Yield: 0.0910 g (29%); colorless crystals (DMF/EtOH); m.p.: 263–265 °C (decmp); R_f = 0.5 (toluene: AcOEt 5:1); ¹H NMR (400 MHz, DMSO-d₆): δ = 11.95 (bs, 1H, NH), 7.80 (dd, J = 1.2, 0.8 Hz, 1H, H-9), 7.10–6.96 (m, 4H, Ar–H, NH₂), 1.98 (s, 3H, SCH₃) ppm; ¹³C NMR (100 MHz, DMSO-d₆): δ = 165.0 (C-4), 158.0 (CONH₂), 153.2 (C-9b), 146.8 (Ar–C-amide), 136.0, 134.4, 131.0 (Ar–C), 128.9 (Ar–CH-9), 127.8 (Ar–C-Cl), 126.0 (Ar–CH), 124.6 (Ar–C), 122.0 (Ar–CH), 15.9 (SCH₃) ppm; IR (KBr): \(\overline{\nu }\) = 3290–3190 (NH₂, NH), 3080 (Ar–H), 1665 (CO), 1640 (C = O), 1590 (Ar–C = C) cm⁻¹; MS (FAB, 70 eV): m/z (%) = 310 ([M + 2]⁺, 10), 308 (M⁺, 40).

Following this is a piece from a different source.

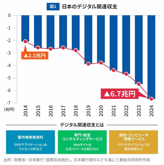 デジタル赤字はなぜこれほどの注目を集めたのか。1つはやはり、金額規模のインパクトだろう。2024年のデジタル関連収支※1は6.7兆円もの赤字となっている。2014年は2.1兆円の赤字だったから、10年あまりで3倍以上に拡大したことになる(図1)。しかもこの赤字額は、同じサービス収支の項目で比較すると同年のインバウンドによる5.9兆円の黒字(旅行収支)を大きく上回る。国を挙げて取り組むインバウンド施策の効果をすべて打ち消す金額を、われわれはビッグテックなどに支払っているということだ。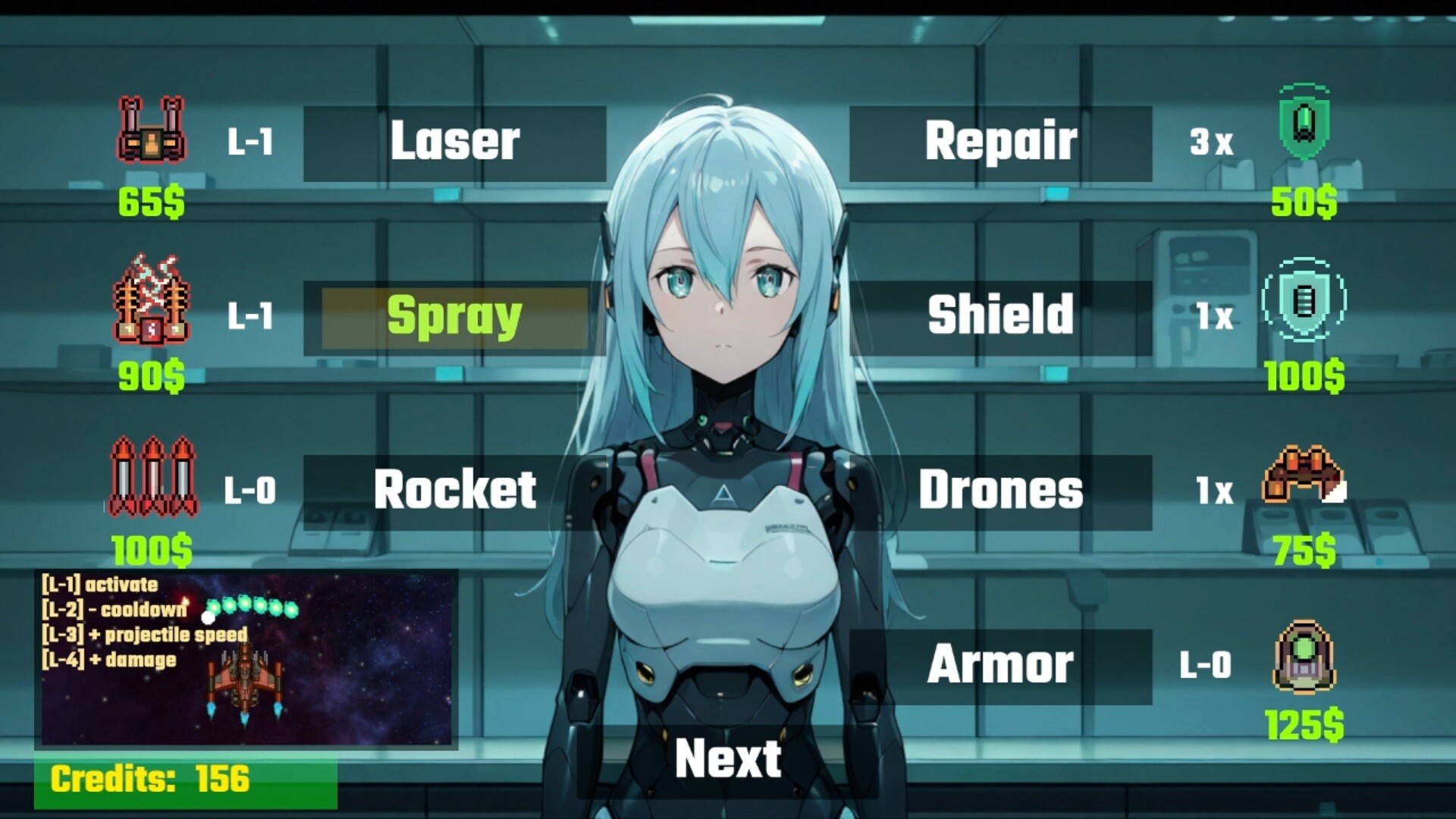The year is 2248. You play as Anthea, a pilot for the Spacing Guild. She's battling a pirate fleet. During the game, you'll need to destroy four leader ships.

8-Bromo-3-(methylthio)-4-oxo-4,5-dihydrofuro[3,2-c]quinoline-2-carboxamide (4f, C₁₃H₉BrN₂O₃S)

Yield: 0.116 g (33%); colorless crystals (DMF/H₂O); m.p.: 267–269 °C (decomp); R_f = 0.4 (toluene: AcOEt 5:1); ¹H NMR (400 MHz, DMSO-d₆): δ = 11.80 (bs, 1H, NH), 7.70 (d, J = 0.7 Hz, 1H, H-9), 7.22–7.18 (m, 4H, Ar–H, NH₂), 1.94 (s, 3H, SCH₃) ppm; ¹³C NMR (100 MHz, DMSO-d₆): δ = 165.0 (C-4), 157.0 (CONH₂), 154.0 (C-9b), 147.8 (Ar–C-amide), 135.4, 134.0, 132.6 (Ar–C), 131.4 (Ar–C-Cl), 128.8 (Ar–CH-9), 127.0 (Ar–CH), 125.8 (Ar–C), 123.6 (Ar–CH), 15.8 (SCH₃) ppm; IR (KBr): \(\overline{\nu }\) = 3180–3290 (NH₂, NH), 3060 (Ar–H), 1660 (C = O), 1652 (C = O), 1590 (Ar–C = C) cm⁻¹; MS (FAB, 70 eV): m/z (%) = 352 ([M-1]⁺, 18) 351 ([M-2]⁺, 10).